Task statement:
Print the lines below from the line with "- 通过触摸屏操作,玩家可控" to the line with "Our Plant Recipe" exactly, keeping both ends, and print no pictures.

Information shown:
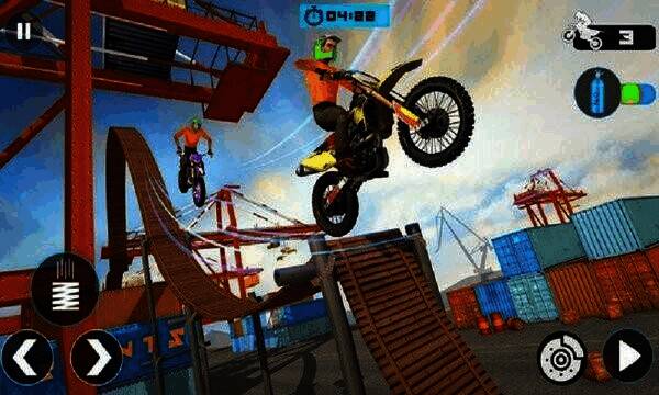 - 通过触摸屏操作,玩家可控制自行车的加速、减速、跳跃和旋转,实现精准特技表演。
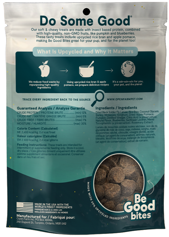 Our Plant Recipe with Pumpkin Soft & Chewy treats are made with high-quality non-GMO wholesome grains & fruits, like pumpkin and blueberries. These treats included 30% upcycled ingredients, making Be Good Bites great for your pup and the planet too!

---

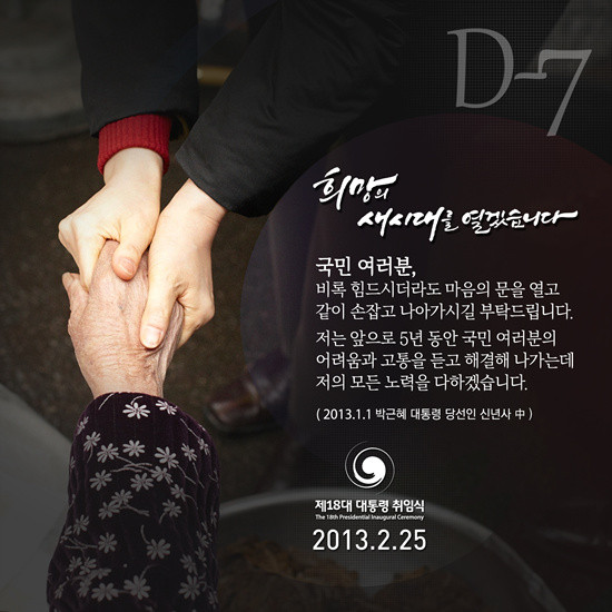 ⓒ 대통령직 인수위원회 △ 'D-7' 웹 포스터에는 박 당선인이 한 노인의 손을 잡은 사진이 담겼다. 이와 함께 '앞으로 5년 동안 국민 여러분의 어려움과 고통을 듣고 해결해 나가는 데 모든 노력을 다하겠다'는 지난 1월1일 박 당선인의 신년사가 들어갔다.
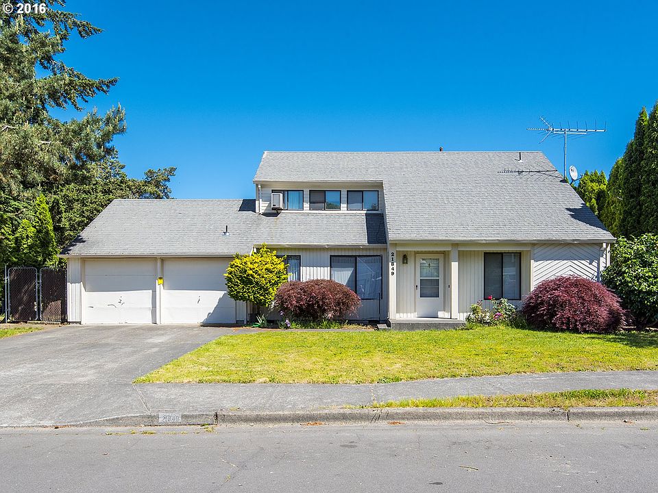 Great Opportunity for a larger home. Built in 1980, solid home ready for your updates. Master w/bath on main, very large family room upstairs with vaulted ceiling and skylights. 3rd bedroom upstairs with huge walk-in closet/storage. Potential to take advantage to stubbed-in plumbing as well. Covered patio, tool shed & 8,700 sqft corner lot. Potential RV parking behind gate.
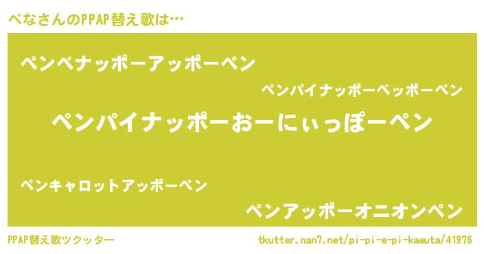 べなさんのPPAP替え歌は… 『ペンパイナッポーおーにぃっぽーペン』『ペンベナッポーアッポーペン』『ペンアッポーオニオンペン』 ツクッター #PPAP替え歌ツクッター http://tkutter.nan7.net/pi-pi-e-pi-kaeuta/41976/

Response area:
 - 通过触摸屏操作,玩家可控制自行车的加速、减速、跳跃和旋转,实现精准特技表演。
 Our Plant Recipe with Pumpkin Soft & Chewy treats are made with high-quality non-GMO wholesome grains & fruits, like pumpkin and blueberries. These treats included 30% upcycled ingredients, making Be Good Bites great for your pup and the planet too!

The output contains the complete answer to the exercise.